Сейчас буду такие задавать, естественно, технические вопросы, например. А вот разговоры о том, что все-таки могут быть наблюдатели, разговоры о том, что приходить голосовать надо, но надо приходить голосовать как можно позже, потому что поздний фальсификат работает гораздо хуже, чем ранний фальсификат, несколько раз на этом удавалось как-то эти все фальсификации обойти.

Имеет ли смысл вообще в эту сторону как-то думать и что-то пытаться предпринять или все усилия противникам поправок стоит направить именно в те действия, о которых вы говорили, в какой-то протест онлайн, офлайн, другого характера?

Я не очень понимаю насчет раннего и позднего фальсификата, так как здесь вообще неделя, то очень много возможностей. Ведь это все специально было устроено под такую чрезвычайщину коронавирусную, которая позволяет делать буквально все, что угодно.

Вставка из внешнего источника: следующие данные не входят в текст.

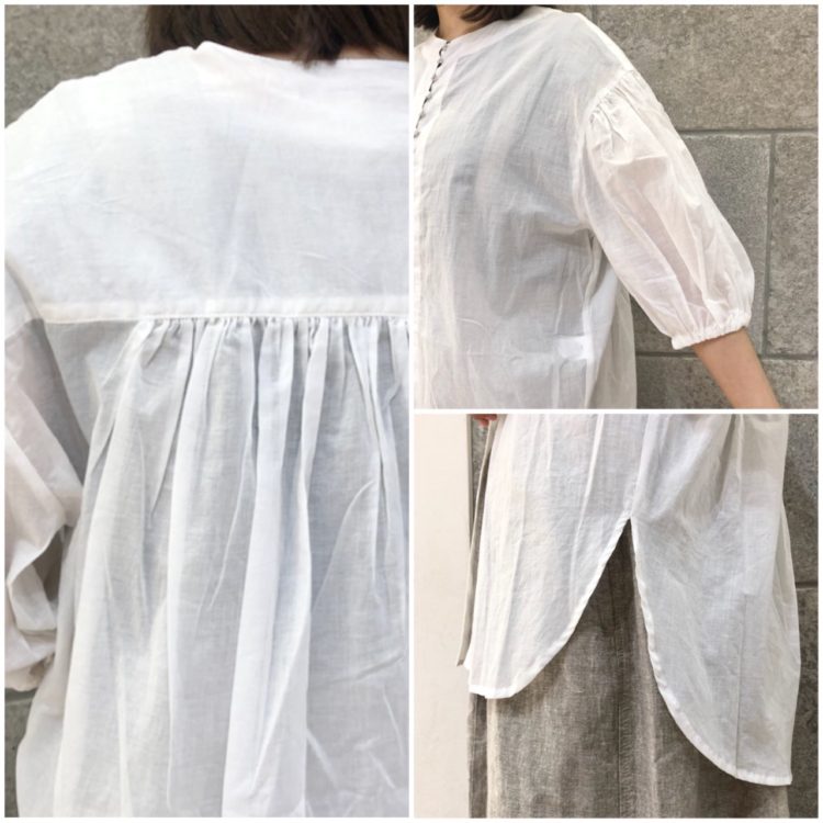 ふんわりとした袖や背中部分のギャザーが女性らしいブラウスです。
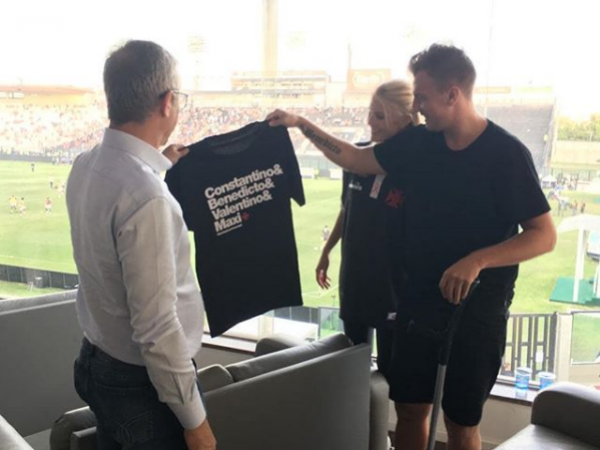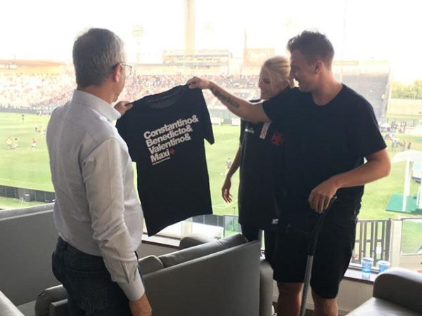 Maxi López recebe de Campello camisa personalizada com os nomes dos seus filhos; veja foto
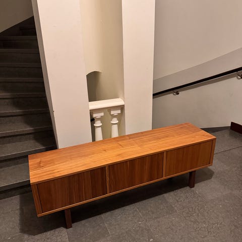 Tidlös design och bra förvaring. TV-bänken är i gott skick. Det finns en mindre repa ovanpå, dock inget som stört oss. Se bilder för mer info.
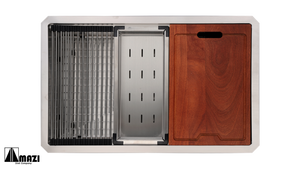 MAZI stainless steel sinks combine fashion with functionality for the kitchen. Our sinks are made out of 16-Gauge stainless steel for maximum durability. All kitchen sinks are equipped with top-level soundproofing, including thick rubber dampening pads, which reduce condensation and further dampen sound. The corrosion-resistant surface is protected from rust and oxidation by a special finishing process.
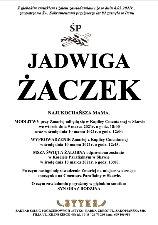 Jadwiga Żaczek - Nekrologi - podhale24.pl

Я не думаю, что, может быть, прийти позднее лучше. Там будет очень большая мобилизация на рабочих местах, то есть людей будут обязывать идти голосовать и слать пруфы того, что они проголосовали, и это, в общем, главная ставка властей на эту voting placement moderization. Но, так или иначе, мне вообще кажется, что самое главное заключается не в том, как ты проголосуешь, как тебя посчитают и проголосуешь ли вообще, а как общество сможет устроить 1 июля или даже всю эту неделю, в которую объявлено голосование, всю эту неделю можно устраивать такую нон-стоп манифестацию, в которой вы показываете обществу, что вы против. Граждане смогут показать обществу, не Памфиловой, а обществу, что они против этого. И это единственная важная вещь, а остальное не очень важно.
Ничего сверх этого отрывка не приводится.